From the records below, output exactly the lines running from the line containing "ASOS DESIGN –" through the line containing "Phân khu Hừng", and no others.

Data extracts:
------------------------------------

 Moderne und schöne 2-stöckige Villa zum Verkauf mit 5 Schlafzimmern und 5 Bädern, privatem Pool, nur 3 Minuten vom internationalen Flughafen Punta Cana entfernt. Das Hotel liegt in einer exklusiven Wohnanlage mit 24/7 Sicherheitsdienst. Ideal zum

------------------------------------

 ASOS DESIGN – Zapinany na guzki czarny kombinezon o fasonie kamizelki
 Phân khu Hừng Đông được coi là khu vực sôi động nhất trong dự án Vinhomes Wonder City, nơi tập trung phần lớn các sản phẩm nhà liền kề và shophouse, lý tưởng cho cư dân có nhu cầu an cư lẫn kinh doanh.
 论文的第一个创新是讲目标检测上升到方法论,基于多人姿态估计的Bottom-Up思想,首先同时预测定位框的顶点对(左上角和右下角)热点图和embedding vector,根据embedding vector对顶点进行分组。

------------------------------------

Response box:
 ASOS DESIGN – Zapinany na guzki czarny kombinezon o fasonie kamizelki
 Phân khu Hừng Đông được coi là khu vực sôi động nhất trong dự án Vinhomes Wonder City, nơi tập trung phần lớn các sản phẩm nhà liền kề và shophouse, lý tưởng cho cư dân có nhu cầu an cư lẫn kinh doanh.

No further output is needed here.